Причитая, негромко, полушепотом, стараясь заглушить вырывавшийся из груди крик, Дарья рассказала, что вчера вечером барчук велел казачку Тарасу порешать вместо него задачки и переписать из книги чего-то, а сам ушел в людскую, к девчатам. Тарас как ни старался, а не успел сделать задание полностью, и за то пан Василь велел отправить казачка на конюшню и отдать в руки конюхам. Вчера там был Лаврин Груша, а он — «сами знаете какой добрый, мухи не тронет». Лаврин, известное дело, не стал хлопца бить, а поговорил с ним, угостил яблоками и отпустил. Про то дозналась Фроська — панская угодница, та самая, что старому пану прислуживает по утрам, она-то и донесла все как было. Барчук будто взбесился, выволок из чулана хлопца и побил его, да так страшно, что бедное дитя лежит без сознания. А Лаврина за то, что панского приказа не исполнил, в солдаты отдают. Забирают у старого Харитона его опору и свет.

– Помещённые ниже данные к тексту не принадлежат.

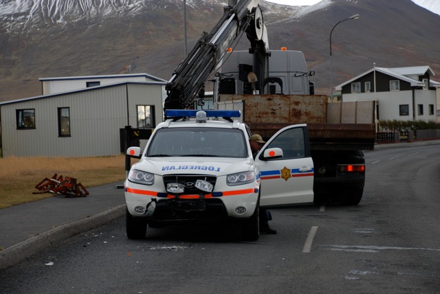 Skemmdir á lögreglubílnum voru ekki miklar en nægar til að hann var óökufær, líklega er vatnskassinn ónýtur.

Сильная духом, не знавшая страха и усталости, женщина плакала навзрыд. Иван знал, что Дарья очень добрая, жалела всех, особенно сердечно относилась к сироте — казачку Тарасу, прикармливала его, могла испечь для него что-нибудь отдельно, стирала ему и шила — и все успевала. Тарасик тоже привязался к Дарье. Не знавший материнской ласки, он тянулся к ней, каждую свободную минутку бежал на кухню, рассказывал, чему он уже научился, показывал, как пишет, и Дарья радовалась вместе с ним.
Лаврина она отмечала тоже, именно он помогал ей, никогда не отказывал, если его просили о помощи. Весь двор любил Лаврина Грушу — веселого, доброго, сильного. И он к каждому относился дружески, только Фроську обходил, не мог выносить ее и не скрывал этого. Фроська же питала к молодому кучеру сердечную слабость и, жестоко страдая из-за его равнодушия, решила отомстить, ждала удобного случая, стерегла его. Такой случай представился, и она тотчас воспользовалась им: донесла, что Лаврин не выполнил господского приказа, обманул паныча, посмел ослушаться, отпустил провинившегося казачка, что каралось наравне с проступком.
— Одна надежда, пан учитель, на вас; — прошептала Дарья.
— Иду! Иду!
Иван торопился, зачем-то надел сюртук, хотя Томара находился в том же доме, во второй половине, повязал шейный платок. Дарья незаметно, когда Иван повернулся, чтобы идти, перекрестила его;
— Помоги, господи!
Иван шел, не замечая ни дворовых, испуганно жавшихся по углам, не обратил внимания и на мелькнувшее в коридоре острое личико Фроськи, не заметил и сидевшего в гостиной пана Голубовича, приехавшего рано утром и дожидавшегося, пока Томара выйдет из опочивальни. Иван прошел прямо к пану, хотя известно было, что по утрам к нему не пускают. Камердинер, дядька Игнат, попытался было остановить учителя, но тот оттеснил его и вошел в господскую опочивальню.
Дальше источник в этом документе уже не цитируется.